**Brief:**
An unchanged copy of each entry below is needed; keep the pictures out of it.

[Dataset items]

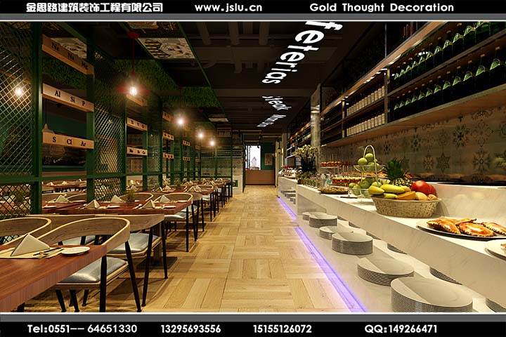 一、合肥自助餐廳裝修的特色和裝飾,要想自己的餐廳具有核心的競(jìng)爭(zhēng)力我們就要不光的裝修上擁有自己的特色和風(fēng)格,在菜色上也要具有自己的特色;這樣自己在激烈競(jìng)爭(zhēng)中才能得到發(fā)展。我們?cè)诓蛷d的裝飾上多擺放一些有生命力的花草或其他裝飾物品,以刺激人們的胃口為原則。
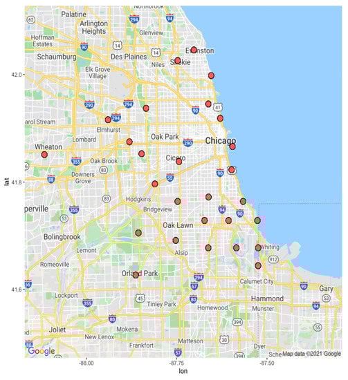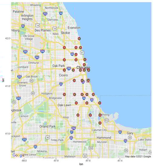 The datasets we use in this study are collected from the Chicago Transit Authority (CTA). The data include information about public transportation bus counts in Chicago and the neighboring areas. We select this dataset, due to the importance of public transport, which plays an essential role in the development of large cities and is considered an economical way of transportation. However, this mode of transportation is often involved in traffic congestion []. Understanding the public transit traffic data helps in improving public transport services and generally enhances road traffic management. The two study areas include 29 sensors, where the first dataset has spatial points distributed mostly in downtown Chicago. The second dataset contains sparsely distributed spatial point data as shown in Figure 1 and Figure 2. Both datasets include the number of buses, their speeds, and the number of sensor readings every 10 min from August 2018 to December 2019.
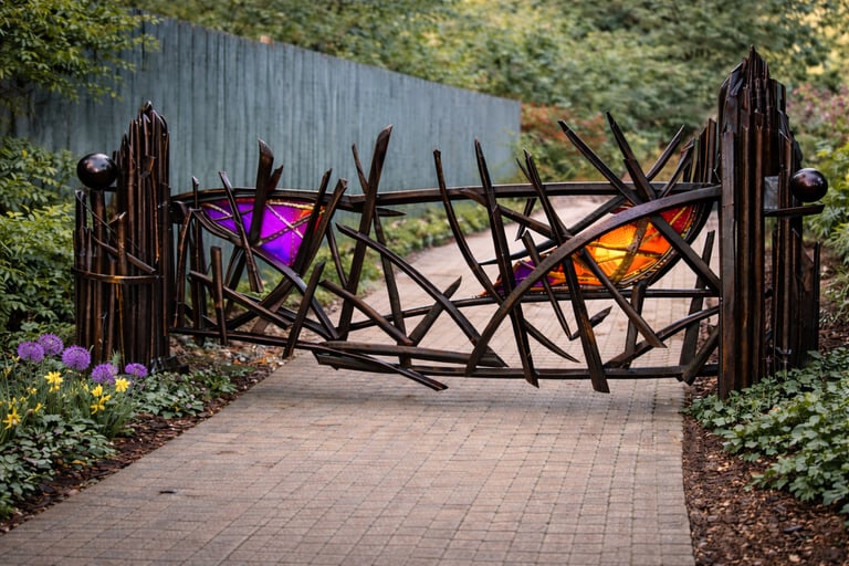 The Venice Gate is composed of forged and fabricated Cor-10 steel, copper, and Dalle De Verre stained glass. 15 ft. wide and 8 ft tall.
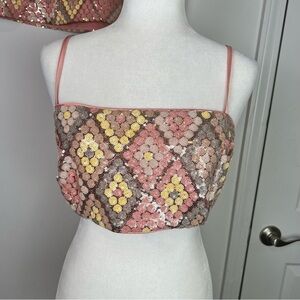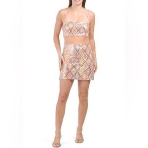 Caroline Constas Sequin Crop Top & Skirt Set Pink Geometric Party Womens size 10
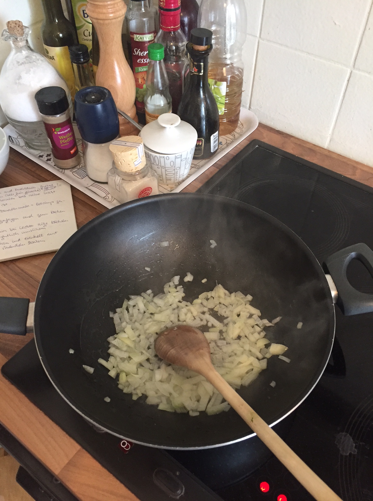 Knoblauch und Zwiebeln werden geschält und fein gehackt (ihr kennt mich, ich hacke nicht zu fein…aber bei dem Gericht achte ich darauf, dass die Stücke nicht größer sind als die Linsen) und in dem Öl angebraten. Dann der schönste Schritt: alle Gewürze dazugeben und den Duft beim unterrühren genießen…es duftet so wunderbar…
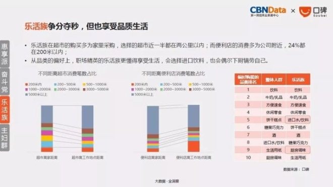 相比职场新人,多为职场精英的乐活族们工作生活平衡,工作日高度依赖便利店,周末更爱逛超市;从品类的偏好上,作为职场精英的乐活族更懂得享受生活,会选择进口饮料,也会偶尔下厨犒劳自己。
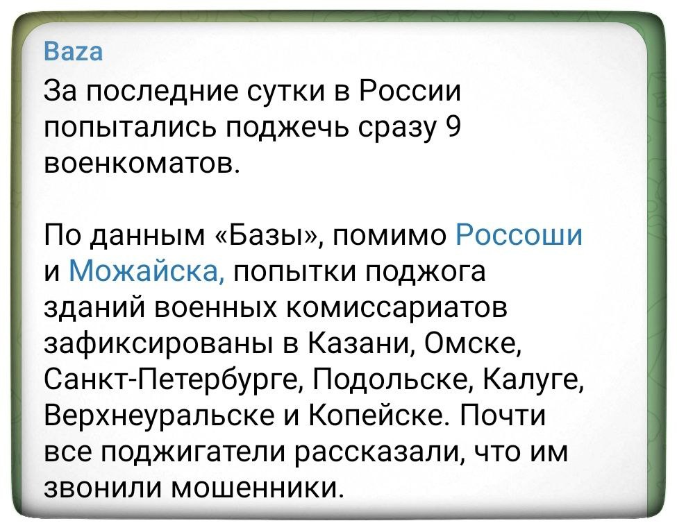 https://racurs.ua/n185709-devyat-popytok-podjogov-voenkomatov-za-sutki-zafiksirovali-v-rf.htmlРакурсДев’ять спроб підпалів військкоматів лише за останню добу зафіксували на території країни-агресора росії.
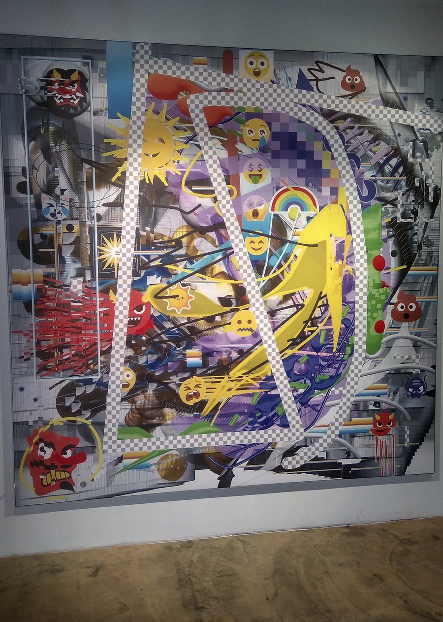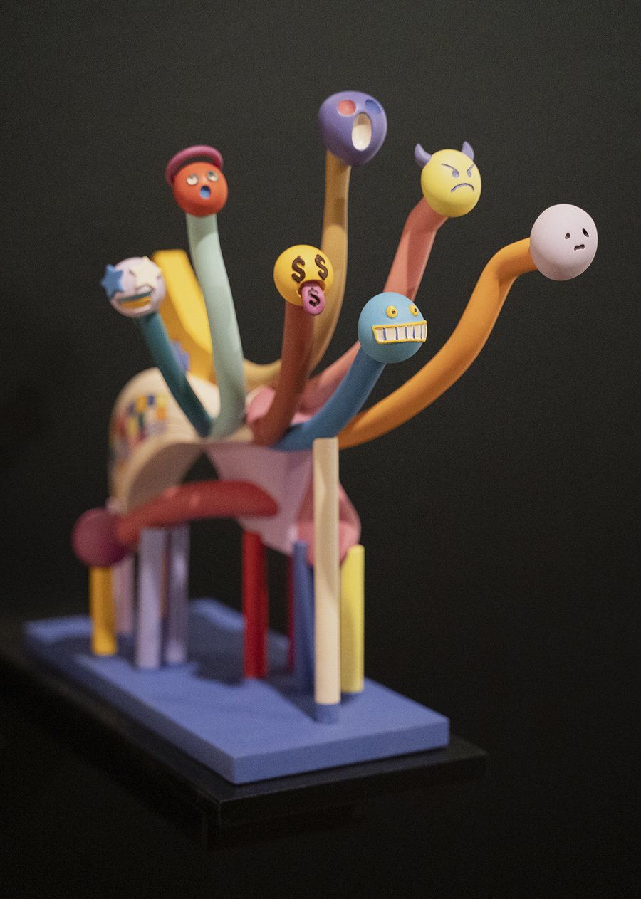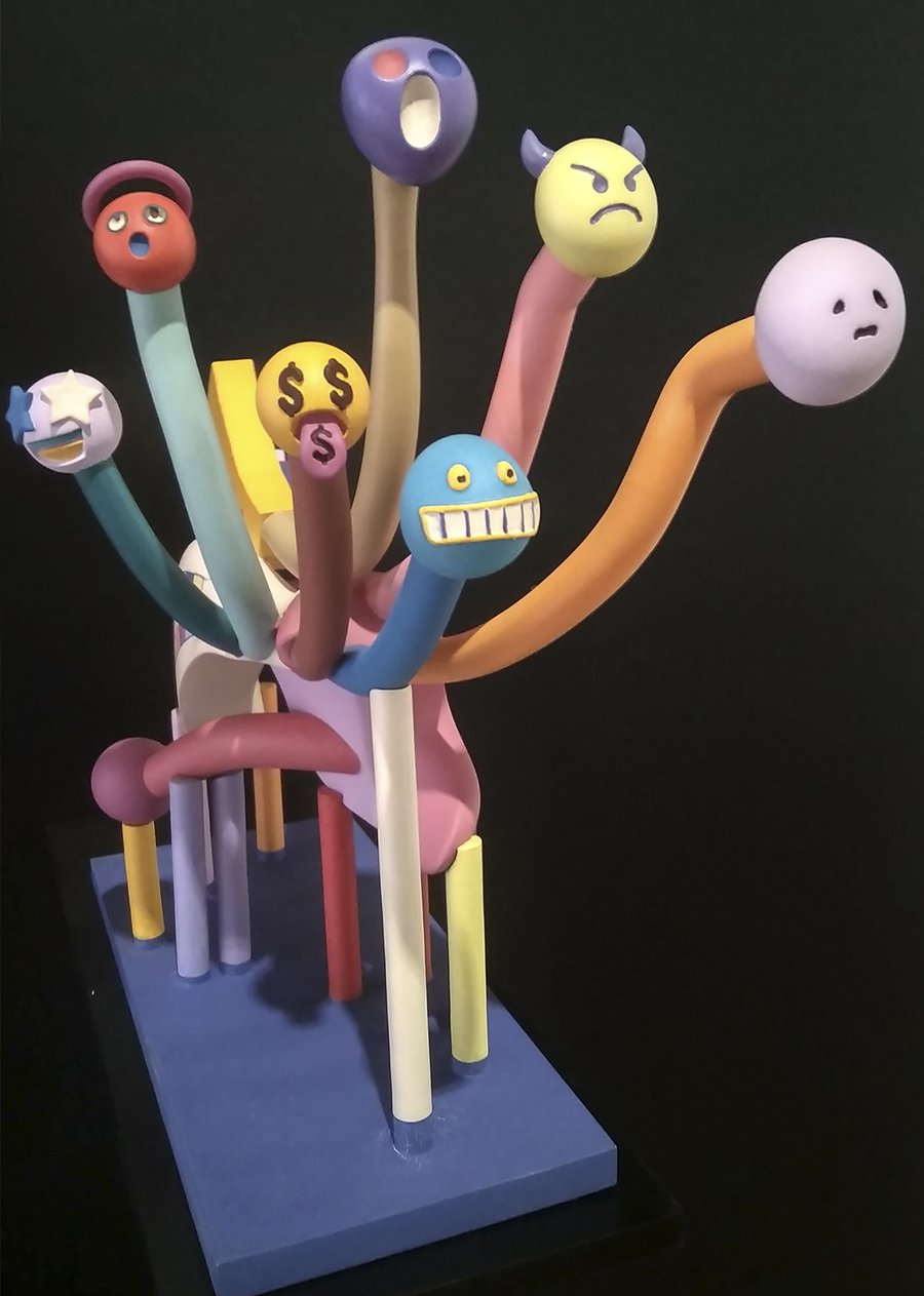 В наших калевальских широтах сюжет об исчезновении солнца естественный, и каждый автор придает ему свое значение. Через столетие Максим Свищёв говорит о краже «внутреннего Солнца» — ясного видения мира, свободы самосознания, искаженных суетностью коммуникации, взрывами медиа. В его инсталляции солнце крадут эмодзи — агенты затмения, похожие и на японские аниме, и на протоплазму сюрреалистичного Кандинского. Для Свищёва эмодзи — это в прямом смысле слова действующие лица современного образа жизни, или «хаоса в голове современного человека, который постоянно испытывает перегрузки, находясь в информационно-эмоциональном потоке. И эмоциональные перепады, желания, страдания являются, словно бы, тучами, заслоняющими внутреннее Солнце. Эмодзи в телефоне, приковывающие внимание, удерживают на себе взгляд и мысль, как на заслонках». текст — Екатерина Андреева.

**Task result:**
 一、合肥自助餐廳裝修的特色和裝飾,要想自己的餐廳具有核心的競(jìng)爭(zhēng)力我們就要不光的裝修上擁有自己的特色和風(fēng)格,在菜色上也要具有自己的特色;這樣自己在激烈競(jìng)爭(zhēng)中才能得到發(fā)展。我們?cè)诓蛷d的裝飾上多擺放一些有生命力的花草或其他裝飾物品,以刺激人們的胃口為原則。
 The datasets we use in this study are collected from the Chicago Transit Authority (CTA). The data include information about public transportation bus counts in Chicago and the neighboring areas. We select this dataset, due to the importance of public transport, which plays an essential role in the development of large cities and is considered an economical way of transportation. However, this mode of transportation is often involved in traffic congestion []. Understanding the public transit traffic data helps in improving public transport services and generally enhances road traffic management. The two study areas include 29 sensors, where the first dataset has spatial points distributed mostly in downtown Chicago. The second dataset contains sparsely distributed spatial point data as shown in Figure 1 and Figure 2. Both datasets include the number of buses, their speeds, and the number of sensor readings every 10 min from August 2018 to December 2019.
 The Venice Gate is composed of forged and fabricated Cor-10 steel, copper, and Dalle De Verre stained glass. 15 ft. wide and 8 ft tall.
 Caroline Constas Sequin Crop Top & Skirt Set Pink Geometric Party Womens size 10
 Knoblauch und Zwiebeln werden geschält und fein gehackt (ihr kennt mich, ich hacke nicht zu fein…aber bei dem Gericht achte ich darauf, dass die Stücke nicht größer sind als die Linsen) und in dem Öl angebraten. Dann der schönste Schritt: alle Gewürze dazugeben und den Duft beim unterrühren genießen…es duftet so wunderbar…
 相比职场新人,多为职场精英的乐活族们工作生活平衡,工作日高度依赖便利店,周末更爱逛超市;从品类的偏好上,作为职场精英的乐活族更懂得享受生活,会选择进口饮料,也会偶尔下厨犒劳自己。
 https://racurs.ua/n185709-devyat-popytok-podjogov-voenkomatov-za-sutki-zafiksirovali-v-rf.htmlРакурсДев’ять спроб підпалів військкоматів лише за останню добу зафіксували на території країни-агресора росії.
 В наших калевальских широтах сюжет об исчезновении солнца естественный, и каждый автор придает ему свое значение. Через столетие Максим Свищёв говорит о краже «внутреннего Солнца» — ясного видения мира, свободы самосознания, искаженных суетностью коммуникации, взрывами медиа. В его инсталляции солнце крадут эмодзи — агенты затмения, похожие и на японские аниме, и на протоплазму сюрреалистичного Кандинского. Для Свищёва эмодзи — это в прямом смысле слова действующие лица современного образа жизни, или «хаоса в голове современного человека, который постоянно испытывает перегрузки, находясь в информационно-эмоциональном потоке. И эмоциональные перепады, желания, страдания являются, словно бы, тучами, заслоняющими внутреннее Солнце. Эмодзи в телефоне, приковывающие внимание, удерживают на себе взгляд и мысль, как на заслонках». текст — Екатерина Андреева.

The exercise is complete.